- _GIVEN INFORMATION_:
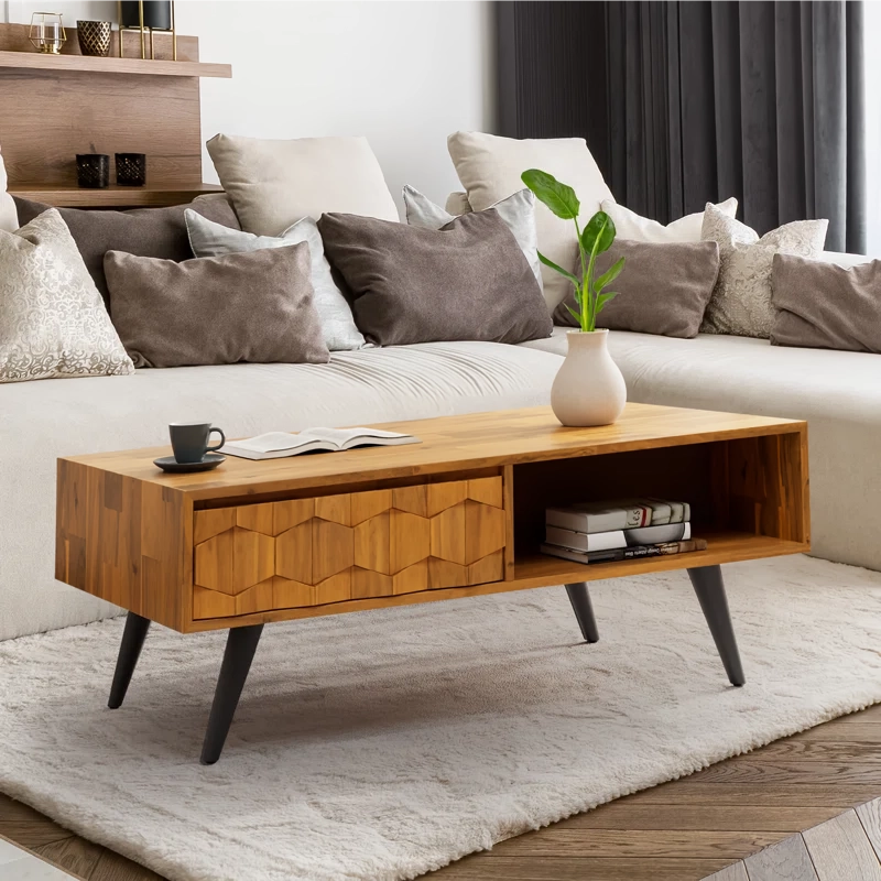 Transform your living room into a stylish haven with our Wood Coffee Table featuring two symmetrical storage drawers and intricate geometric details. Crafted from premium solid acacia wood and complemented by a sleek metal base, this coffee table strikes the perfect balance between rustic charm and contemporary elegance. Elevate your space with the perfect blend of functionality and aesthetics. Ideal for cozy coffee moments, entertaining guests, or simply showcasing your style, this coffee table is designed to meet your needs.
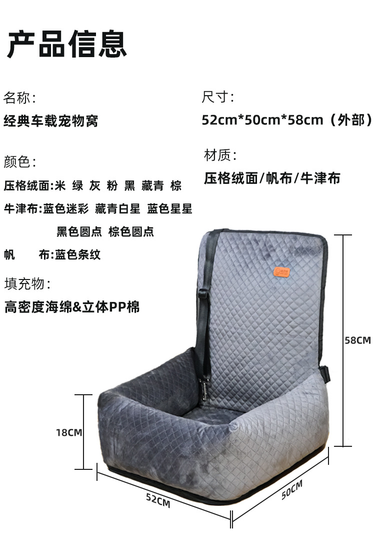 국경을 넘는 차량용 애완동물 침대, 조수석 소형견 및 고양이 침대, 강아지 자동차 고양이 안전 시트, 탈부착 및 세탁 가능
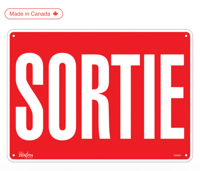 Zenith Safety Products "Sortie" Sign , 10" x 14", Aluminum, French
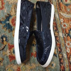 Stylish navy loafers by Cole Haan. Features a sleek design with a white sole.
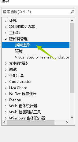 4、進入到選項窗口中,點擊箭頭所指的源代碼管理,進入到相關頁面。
--
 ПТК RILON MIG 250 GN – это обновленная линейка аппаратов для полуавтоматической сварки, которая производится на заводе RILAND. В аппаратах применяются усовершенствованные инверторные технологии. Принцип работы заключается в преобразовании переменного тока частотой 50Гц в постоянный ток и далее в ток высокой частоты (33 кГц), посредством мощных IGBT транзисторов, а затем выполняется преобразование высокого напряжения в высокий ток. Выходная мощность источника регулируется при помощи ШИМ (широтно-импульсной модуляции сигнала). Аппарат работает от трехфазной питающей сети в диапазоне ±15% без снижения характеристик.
---
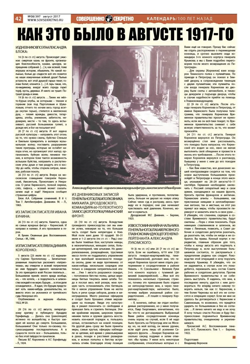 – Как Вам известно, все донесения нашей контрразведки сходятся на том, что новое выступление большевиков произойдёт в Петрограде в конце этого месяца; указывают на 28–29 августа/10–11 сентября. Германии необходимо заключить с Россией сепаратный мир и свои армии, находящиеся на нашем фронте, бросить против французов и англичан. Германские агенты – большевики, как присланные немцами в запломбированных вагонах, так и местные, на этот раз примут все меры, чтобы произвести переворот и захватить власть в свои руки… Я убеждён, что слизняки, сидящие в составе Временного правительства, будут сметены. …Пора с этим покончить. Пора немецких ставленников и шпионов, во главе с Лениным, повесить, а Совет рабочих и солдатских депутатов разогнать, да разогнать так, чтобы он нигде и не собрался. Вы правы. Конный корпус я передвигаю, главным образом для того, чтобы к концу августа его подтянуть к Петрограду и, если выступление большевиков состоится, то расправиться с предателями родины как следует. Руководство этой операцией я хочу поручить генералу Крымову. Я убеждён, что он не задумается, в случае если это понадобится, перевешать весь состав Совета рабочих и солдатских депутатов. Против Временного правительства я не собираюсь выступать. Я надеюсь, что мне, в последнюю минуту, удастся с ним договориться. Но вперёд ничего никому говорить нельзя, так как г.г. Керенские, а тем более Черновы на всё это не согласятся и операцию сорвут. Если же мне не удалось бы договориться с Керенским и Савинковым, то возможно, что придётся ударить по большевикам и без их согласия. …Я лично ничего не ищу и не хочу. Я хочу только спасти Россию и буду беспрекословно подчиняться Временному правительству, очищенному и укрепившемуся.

- _INSTRUCTIONS FOR THE TASK_: Give back the exact lines above, running from the one that has "Stylish navy loafers" through the one that has "4、進入到選項窗口中,點擊箭頭所指的源代碼管理,進入到相關頁面。", with nothing added and no pictures.

- _RESULT OF THIS EXERCISE_:
 Stylish navy loafers by Cole Haan. Features a sleek design with a white sole.
 4、進入到選項窗口中,點擊箭頭所指的源代碼管理,進入到相關頁面。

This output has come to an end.